John Kearns (born 10 April 1987) is an English comedian. He was awarded the Fosters Edinburgh Comedy Award in 2014, following on from winning the Best Newcomer Award in 2013. He is the first and only comedian to have done this in the history of the Edinburgh Comedy Awards. Kearns' wins were also notable as both shows appeared on PBH's Free Fringe, making his 2013 win the first ever for a free show. In 2014 he was nominated for three Chortle Awards and was nominated in 2014 and 2015 for the Melbourne Barry Award.

Early life
Having grown up in Tooting, London, Kearns attended the University of East Anglia. In 2006, while at the university, he performed at Tom Moran's Laugh Out Loud comedy nights with fellow young student comedians Pat Cahill, Jon Brittain and Joz Norris. Kearns, Norris and Cahill returned to the university as part of its 50th anniversary celebrations in September 2013. With Cahill, Kearns performed in the Edinburgh Fringe show 'Dinner Party' (which was produced by Fringe stalwart Harry Deansway) and again at the 2012 Fringe as part of the Pleasance Reserve, going on to take the lead role of Peter in the Weirdos Comedy Club reproduction of Hook in December 2012. At university he lived with fellow comedian Cahil and radio DJ Greg James. From 2010 until 2013, he worked as a tour guide at the Houses of Parliament.

Career

Sight Gags for Perverts
Taking its name from a list that film director Stanley Kubrick kept of titles in search of a script, the show was apparently written while on a solitary visit to Berlin, with the trip itself providing a narrative backbone.
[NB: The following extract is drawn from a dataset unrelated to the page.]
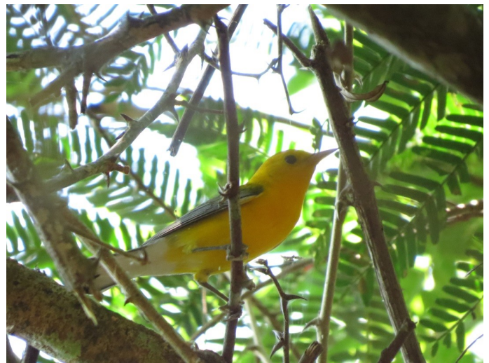
Figura 6. Macho de Protonotaria citrea registrado en la vereda Buena Vista II, municipio de San José del Guaviare, Colombia.

Geothlypis philadelphia (Reinita Enlutada, Mourning Warbler): Especie migratoria boreal, se reproduce en el norte de los Estados Unidos y sur de Canadá (Hernández-Plata & Peraza 2012, Curson 2018b). Presente en Colombia al oeste de los Andes, con registros puntuales al este de los Andes en Arauca, Casanare, Meta, oeste de Caquetá y Putumayo (Hilty & Brown 1986, Hernández-Plata & Peraza 2012, Acevedo-Charry et al. 2014, Curson 2018b, eBird 2018). Registramos G. philadelphia en varias ocasiones en la vereda Playa Nueva, municipio de Puerto Concordia en cercanías al río Guaviare (2° 35' 12" N 72° 39' 20" W, 183

This, his first solo hour-long show, was directed by his friend the playwright Jon Brittain and made its debut at Leicester Comedy Festival in February 2013, receiving positive notices. The show was performed again at the Machynlleth Comedy Festival in May to a sell-out crowd. Kearns then took the show to the Edinburgh Fringe in August 2013.  Performing as part of the PBH Free Fringe, the show was very well received,  culminating in a five-star review from Chortle's Steve Bennett and a nomination as Best Newcomer in the Fosters Comedy Awards. On Saturday 24 August 2013 he won the award, with Bridget Christie winning the main award.

Shtick
Kearns' follow up, appearing at the Leicester Comedy Festival as No More Mr. Niche Guy, later becoming Shtick, acknowledges the impact of his previous show's success on himself and his career. Directed again by Brittain and returning to the same venue that had hosted his 2013 Edinburgh Festival Fringe run, The Voodoo Rooms, the show saw positive reactions from audiences and press, as well as another Fosters Comedy Awards nomination, this time for Best Show. On 23 August 2014, he won the award, becoming the first act to win Best Newcomer and Best Show in consecutive years.

Television
Kearns starred in BBC Three's Top Coppers alongside Steen Raskopoulos.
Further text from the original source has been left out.